It’s not the most comfortable napping spot on the mountain, but the view is without rival. Kibo, the central cauldron of Kilimanjaro, rises in all its fuming glory.

I reclined on a rock and studied the mountain. It leans over me frosty and blue . . . glaciers creep downslope like icy fingers . . . lines in the talus below suggest watercourses or paths where boulders or ice chunks have tumbled down. From this side it seems unassailable.

Patches of small clouds passed. Their shadow gave momentary relief to the eyes. The sun is so bright up here.

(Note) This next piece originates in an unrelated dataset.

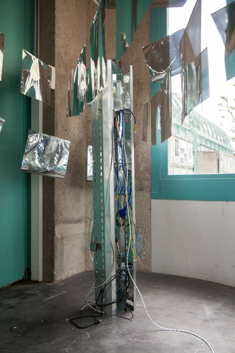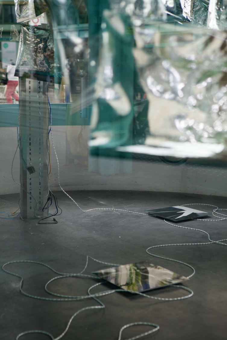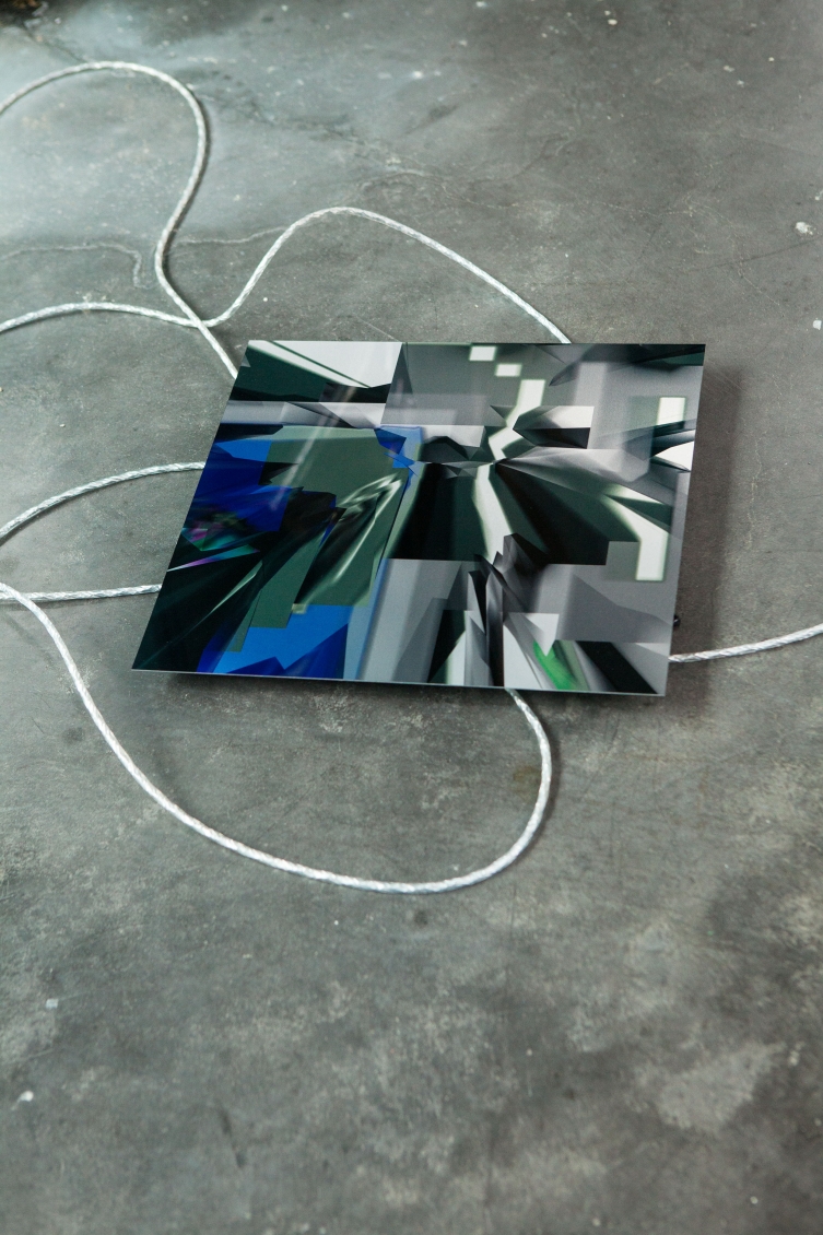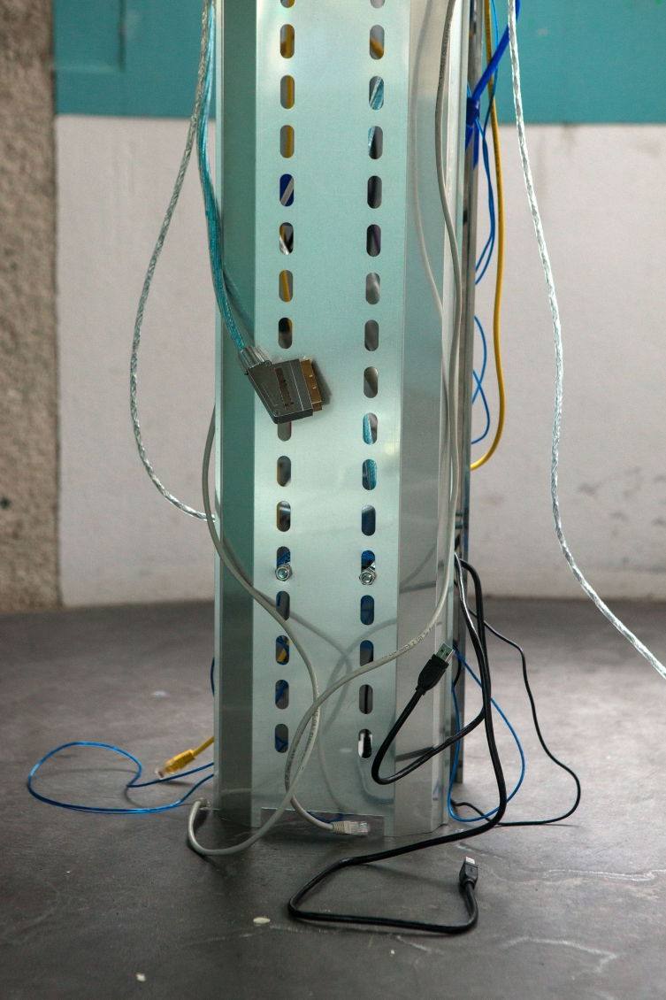 In opposition to the cloud of flags Langschied places a messy network of cables on the floor which connects two central towers with a series of aluminum prints that function as portals into a digital reality. The glitched images indicate that this digital reality is generally way more chaotic than the titans of the internet want to make us to believe.

I tried photographing the ravens and the moorland chats flitting about. The chats are drab little birds from the flycatcher family. They are friendly and funny when they puff out their feathers. Look like fuzzy tennis balls. This must be some heat-saving tactic.

I lay on the rocks in the sun and rested a long time.

Chef Julius gives me a dinner preview. All meals are prepared on this propane stove. At night, the dirt-floored mess tent converts to sleeping space for Julius and several of the porters.

Chef Julius gives me a dinner preview. All meals are prepared on this propane stove. At night, the dirt-floored mess tent converts to sleeping space for Julius and several of the porters.

I heard Julius was working in the mess (tent). He was carrying on a fierce conversation with two or three others.

I stopped in to see what was cooking. They seemed happy to see me and show off their work. They invited me into the tent. I thanked kindly but stayed in the door (in part, because there is no room inside and because it must have been 150 degrees in there!). Julius pulled alum foil and a lid from the top of a pot so I could see sizzling veggies inside. The lid was scalding. He juggled it between his fingers. I told him to be careful or he will never play the piano again. Laughter erupted in the tent. We chatted awhile. I eventually excused myself. From my tent I could hear them continuing to chatter in Swahili (or is it Chagga?) occasionally inserting the (English) word “piano.” Each time they said it, the laughter would repeat itself.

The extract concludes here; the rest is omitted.